Thursday, February 08, 2007
Out of the Pan
While I'm at it, Pamela R. Winnick, an attorney and former reporter for the Pittsburgh Post-Gazette, has a review in the Wall Street Journal of Monkey Girl by Edward Humes. Since I just got the book and it's next on my "to read" list, I'll refrain from commenting on the review itself, which is mostly negative (may I have a "Surprise!"?).
One indication of where Ms. Winnick may be coming from is her pulling out from Humes' book for particular comment the example of the peppered moth. She even refers to the 1998 Sargent, Millar, and Lambert paper, "The "classical" explanation of industrial melanism: assessing the evidence," in Evolutionary Biology that's prominently used in Chapter 7 of Jonathan Wells' Icons of Evolution. While Kettlewell's experiments were far from perfect, the report of the demise of the peppered moth as evidence for natural selection in the field is grossly exaggerated.
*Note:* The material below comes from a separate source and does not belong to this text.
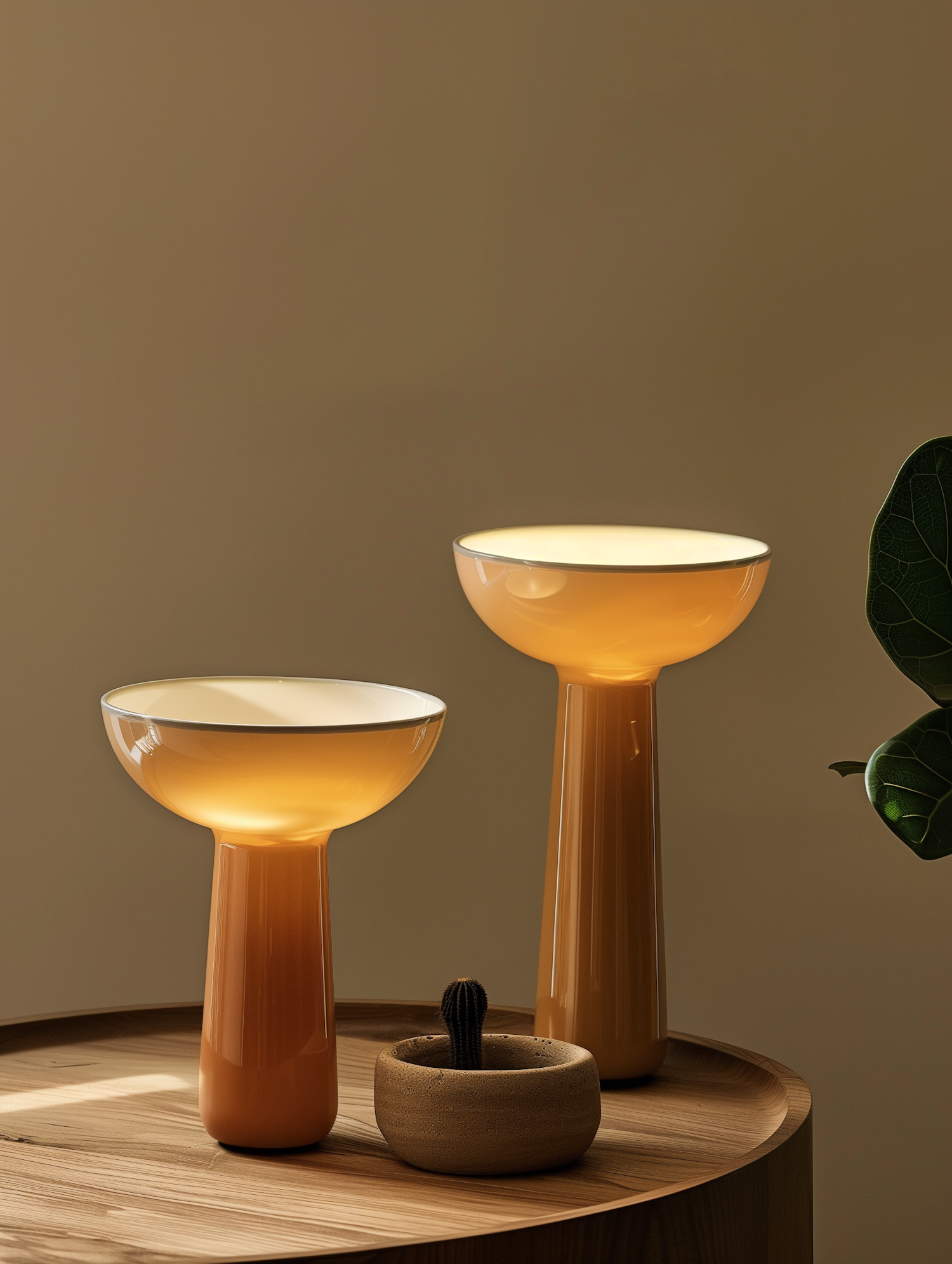 Two amber table lamps with a sleek design on a wooden table, paired with a small cactus planter and a neutral beige background.

But here is the best part of the review: after criticizing Humes for "treating all ID-proponents as benighted fanatics with a crude political agenda," Winnick goes on to say:
He even spends four pages bashing Ann Coulter, as if she is an important thinker in need of refutation.
While I didn't know that devoting four whole pages was the dividing line between treatment of important thinkers and the dismissal of hacks, I have to agree with her assessment that Coulter's books are a needless waste of wood pulp.
.
.
Comments:
<< Home
Ms. Winnick is a partisan hack, though this was not obvious because the Wall Street Journal rather deceptively identified the reviewer as follows: "Ms. Winnick is an attorney and former reporter for the Pittsburgh Post-Gazette."
Winnick, in fact, has lectured at the Discovery
Institute (the pro-Intelligent Design think tank
which, perhaps not coincidentally, launched an attack on Monkey Girl the day before the review ran). Winnick is also author of a book entitled, A Jealous God: Science's Crusade Against Religion. The title alone conveys the rather large axe she has to grind; it is no coincidence that every other major publication that has reviewed Monkey Girl has remarked on its even-handedness.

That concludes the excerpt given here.